Prior to due presentment of this Security for registration of transfer, the Company, the Trustee and any agent of the Company or the Trustee may treat the Person in whose name this Security is registered as the owner hereof for all purposes, whether or not this Security be overdue, and neither the Company, the Trustee nor any such agent shall be affected by notice to the contrary.

 

4

 

 

No recourse under or upon any obligation, covenant or agreement contained in the Indenture or in this Security, or because of any indebtedness evidenced thereby, shall be had against any promoter, as such, or against any past, present or future stockholder, partner, director, officer, employee, agent thereof or trustee, as such, of the Company or of any successor thereof, either directly or through the Company or any successor thereof, under any rule of law, statute or constitutional provision or by the enforcement of any assessment or by any legal or equitable proceeding or otherwise, all such liability being expressly waived and released by the acceptance of this Security by the Holder thereof and as part of the consideration for the issue of the Securities of this series.

 

All terms used in this Security which are defined in the Indenture shall have the meanings assigned to them in the Indenture.

 

THE INDENTURE AND THE SECURITIES, INCLUDING THIS SECURITY, SHALL BE GOVERNED BY AND CONSTRUED IN ACCORDANCE WITH THE LAW OF THE STATE OF NEW YORK.

 

Pursuant to a recommendation promulgated by the Committee on Uniform Security Identification Procedures, the Company has caused “CUSIP” numbers to be printed on the Securities of this series as a convenience to the Holders of such Securities.
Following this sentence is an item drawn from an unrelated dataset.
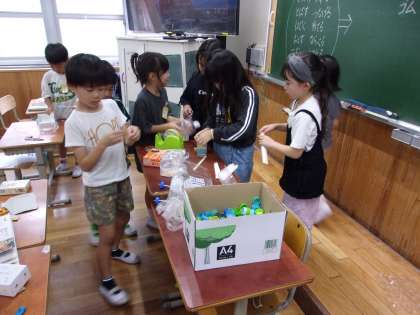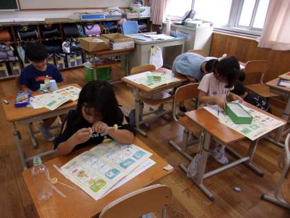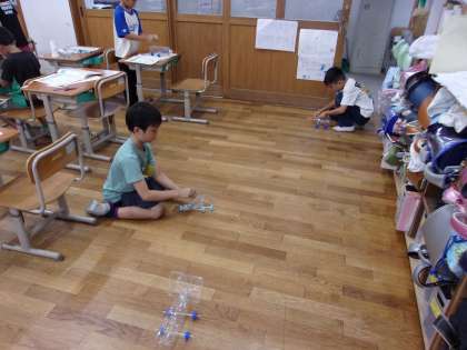 お菓子の箱やペットボトルのふたなどを組み合わせて、思い思いのおもちゃを作っていました。

No representation is made as to the correctness or accuracy of such CUSIP numbers as printed on the Securities, and reliance may be placed only on the other identification numbers printed hereon.

 

[This space intentionally left blank.]

 

5

 

 

Unless the certificate of authentication hereon has been executed by or on behalf of the Trustee by manual signature, this Security shall not be entitled to any benefit under the Indenture or be valid or obligatory for any purpose.

 

IN WITNESS WHEREOF, the Company has caused this instrument to be duly executed by the undersigned officer.

 

  PROLOGIS, L.P.
   
  By: Prologis, Inc., its sole general partner
   
  By:  
    Name: Michael T. Blair
    Title:

Assistant Secretary and Management Director, Deputy General Counsel

 

Attest  
   
   
By:    
  Name: Deborah K. Briones  
  Title:

Managing Director and Deputy General Counsel

 

 

Dated: October 6, 2022

 

[Signature Page to Global Note due September 2028]

 

 

 

TRUSTEE’S CERTIFICATE OF AUTHENTICATION:

 

This is one of the Securities of the series designated therein referred to in the within-mentioned Indenture.

 

U.S. BANK TRUST COMPANY, NATIONAL ASSOCIATION,
as trustee  
   
By:    
  Authorized Officer  

 

[Certificate of Authentication to Global Note due September 2028]

 

 

 

ASSIGNMENT FORM

 

FOR VALUE RECEIVED, the undersigned hereby sells, assigns and transfers unto

 

PLEASE INSERT SOCIAL
SECURITY OR OTHER IDENTIFYING
NUMBER OF ASSIGNEE

 

(Please Print or Typewrite Name and Address including
Zip Code of Assignee)

 

the within-mentioned Security of Prologis, L.P. and hereby does irrevocably constitute and appoint                                     Attorney to transfer said Security on the books of the within-named Company with full power of substitution in the premises.

 

Dated: _________________

 

NOTICE: The signature to this assignment must correspond with the name as it appears on the first page of the within-mentioned Security in every particular, without alteration or enlargement or any change whatever.